» PROBLEM REQUIREMENTS
Below are some records. Return exactly their lines from the one containing "Bộ sét đèn dầu" through the one containing "The 2020 construction", and drop the pictures.

» GIVEN RECORDS
:::

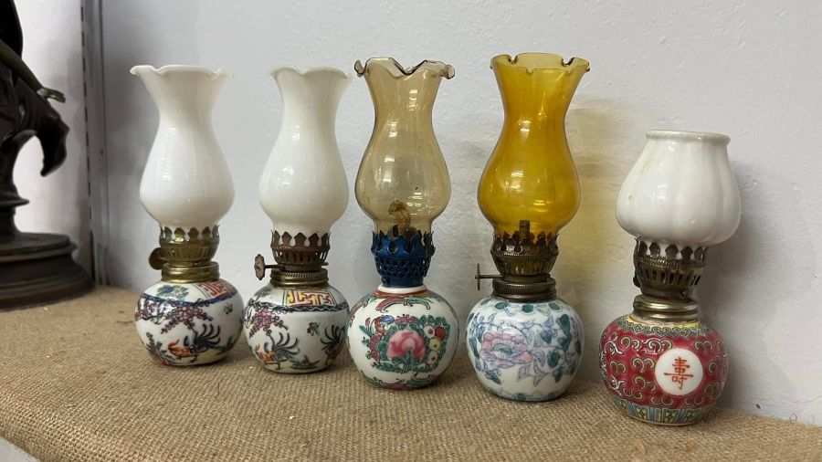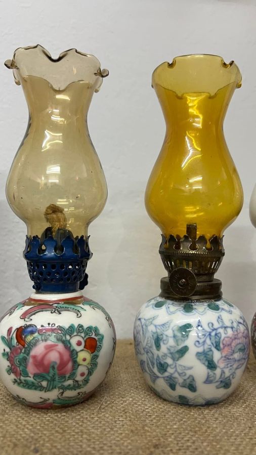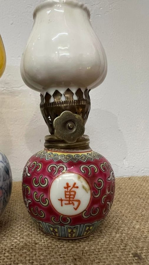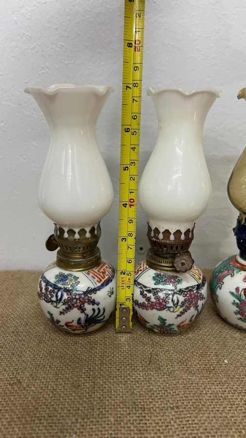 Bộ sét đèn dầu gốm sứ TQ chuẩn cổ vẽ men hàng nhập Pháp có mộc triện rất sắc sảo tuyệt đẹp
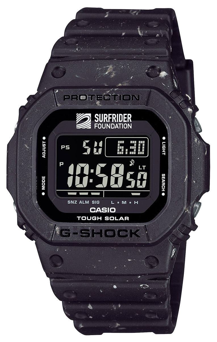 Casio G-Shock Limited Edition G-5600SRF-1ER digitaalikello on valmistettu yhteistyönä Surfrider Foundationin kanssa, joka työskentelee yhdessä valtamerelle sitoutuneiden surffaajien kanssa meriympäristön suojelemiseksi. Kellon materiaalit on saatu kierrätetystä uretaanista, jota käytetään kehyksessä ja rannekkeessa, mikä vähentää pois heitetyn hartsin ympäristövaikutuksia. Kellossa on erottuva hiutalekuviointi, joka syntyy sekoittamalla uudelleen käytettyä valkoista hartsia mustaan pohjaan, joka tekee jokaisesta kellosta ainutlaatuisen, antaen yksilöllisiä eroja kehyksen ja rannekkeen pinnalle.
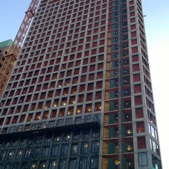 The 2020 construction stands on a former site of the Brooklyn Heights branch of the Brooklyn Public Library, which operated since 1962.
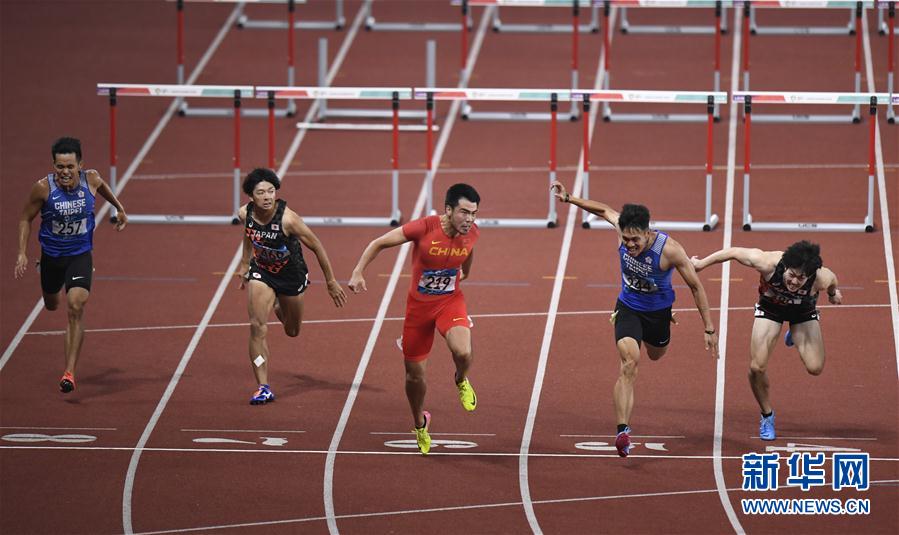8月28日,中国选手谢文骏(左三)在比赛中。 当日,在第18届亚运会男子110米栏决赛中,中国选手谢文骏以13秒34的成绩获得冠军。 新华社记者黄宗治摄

:::

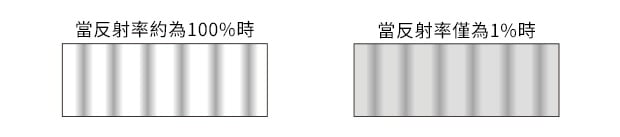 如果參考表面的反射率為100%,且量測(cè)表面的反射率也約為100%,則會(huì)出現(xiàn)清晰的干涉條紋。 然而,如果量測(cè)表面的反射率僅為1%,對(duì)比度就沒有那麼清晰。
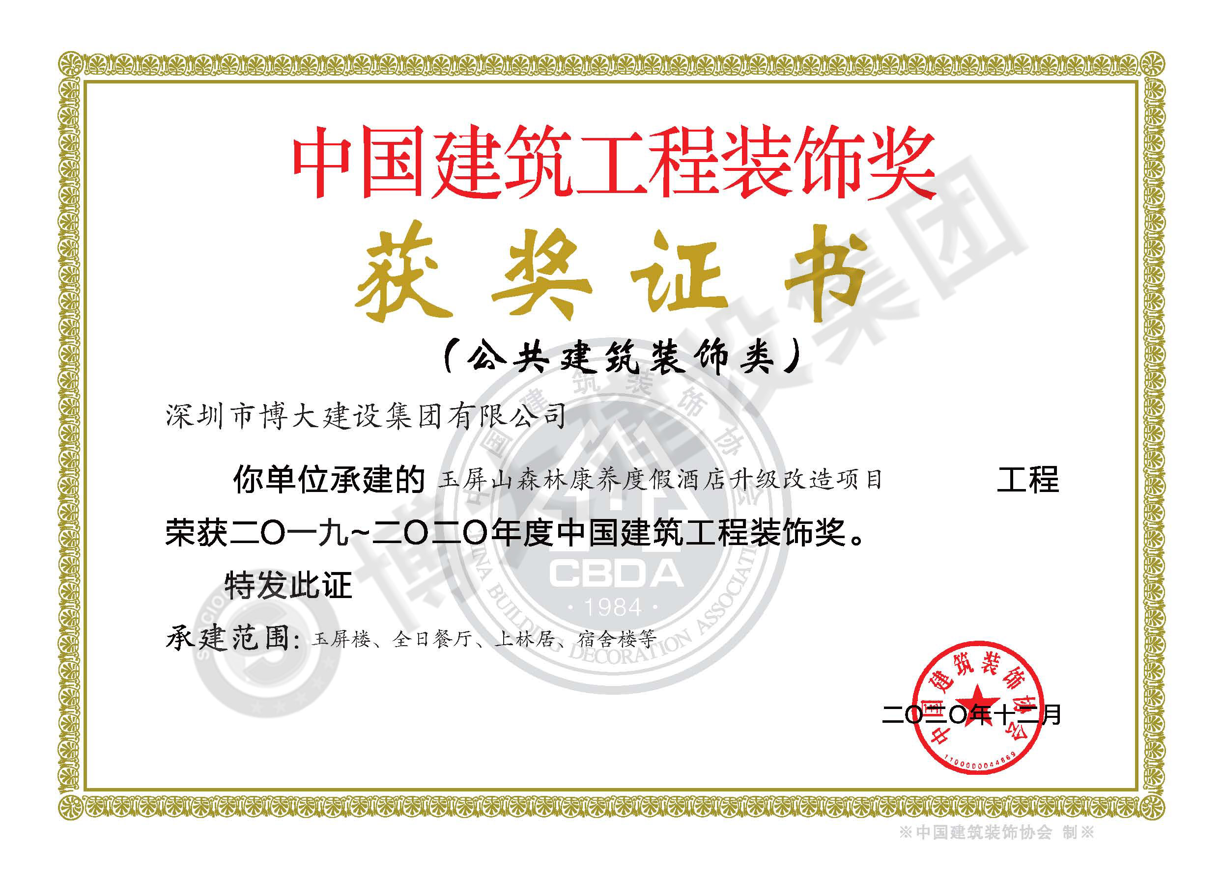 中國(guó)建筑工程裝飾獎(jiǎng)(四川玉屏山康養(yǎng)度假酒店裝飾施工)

:::

» SOLUTION BELOW
 Bộ sét đèn dầu gốm sứ TQ chuẩn cổ vẽ men hàng nhập Pháp có mộc triện rất sắc sảo tuyệt đẹp
 Casio G-Shock Limited Edition G-5600SRF-1ER digitaalikello on valmistettu yhteistyönä Surfrider Foundationin kanssa, joka työskentelee yhdessä valtamerelle sitoutuneiden surffaajien kanssa meriympäristön suojelemiseksi. Kellon materiaalit on saatu kierrätetystä uretaanista, jota käytetään kehyksessä ja rannekkeessa, mikä vähentää pois heitetyn hartsin ympäristövaikutuksia. Kellossa on erottuva hiutalekuviointi, joka syntyy sekoittamalla uudelleen käytettyä valkoista hartsia mustaan pohjaan, joka tekee jokaisesta kellosta ainutlaatuisen, antaen yksilöllisiä eroja kehyksen ja rannekkeen pinnalle.
 The 2020 construction stands on a former site of the Brooklyn Heights branch of the Brooklyn Public Library, which operated since 1962.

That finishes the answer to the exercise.